ECT — electroconvulsive therapy — is wrapped in more mythology than any other procedure in psychiatry. The image from One Flew Over the Cuckoo's Nest is glued to the word, even though the actual procedure today looks and works nothing like that.
This piece isn't about whether "a psychologist is better." It's about which situations ECT is genuinely indicated for, which it isn't, and what questions to ask if the choice has landed on you or someone close to you.
What ECT is (without the myths)
ECT is a procedure in which, under general anaesthesia and muscle relaxants, a brief electrical pulse is passed through the brain to trigger a controlled seizure. The whole thing takes about 5–10 minutes; the seizure itself is under a minute, and because of the muscle relaxants, visible convulsions are minimal.
The exact mechanism isn't fully understood. The leading theory is that a series of these seizures rebalances neurotransmitter systems and plasticity in mood-related regions. It's one of the most effective treatments in psychiatry for certain conditions — a major meta-analysis in The Lancet found that for severe depression, ECT works faster and more powerfully than antidepressants.
Effectiveness isn't an argument for using it on everyone.

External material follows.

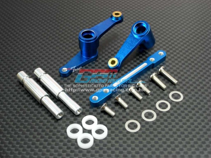Produced from a durable alloy, this steering kit improves the mechanical interface for steering bearings and linkages. Bearings are not included; the kit contains screws, shims and collars to ensure correct spacing and fit during installation. This part is aimed at experienced hobbyists seeking a robust upgrade path.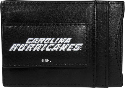 Carolina Hurricanes Black Leather Wallet, Front Pocket Magnetic Money Clip, Printed Logo

It's an argument for not crossing it off the list when it's genuinely needed.
When ECT is genuinely indicated
By the clinical guidelines of NICE and the Royal College of Psychiatrists, ECT is considered for a fairly narrow set of situations:
- Severe depression with a direct threat to life — when someone isn't eating or drinking, and waiting weeks for antidepressants to kick in is simply dangerous.
- Catatonia — a state with immobility, refusal to eat and speak, seen in severe depression, schizophrenia, and certain physical illnesses. ECT often lifts catatonia within a few sessions.
- Severe mania that hasn't responded to medication.
- Treatment-resistant depression — when two or more courses of antidepressants at adequate doses, plus psychotherapy, haven't produced a result.
- Psychotic depression — depression with delusions or hallucinations.
- Severe depression during pregnancy, when antidepressants pose a greater risk to the foetus than the procedure itself.
The shared logic: ECT is a last-line tool that steps forward when either time is critical or standard treatment has already failed.
If the situation is acute and there are thoughts of suicide or self-harm, don't wait and don't try to weigh the options alone — there are helplines that operate around the clock and anonymously.
When ECT isn't the first step
The "not indicated" list is much longer than the "indicated" one. In clinical guidelines, ECT is not considered first-line for:
- mild and moderate depression,
- anxiety disorders without severe depression,
- panic disorder,
- PTSD,
- personality disorders,
- difficult life circumstances without a clinical diagnosis (grief, divorce, burnout).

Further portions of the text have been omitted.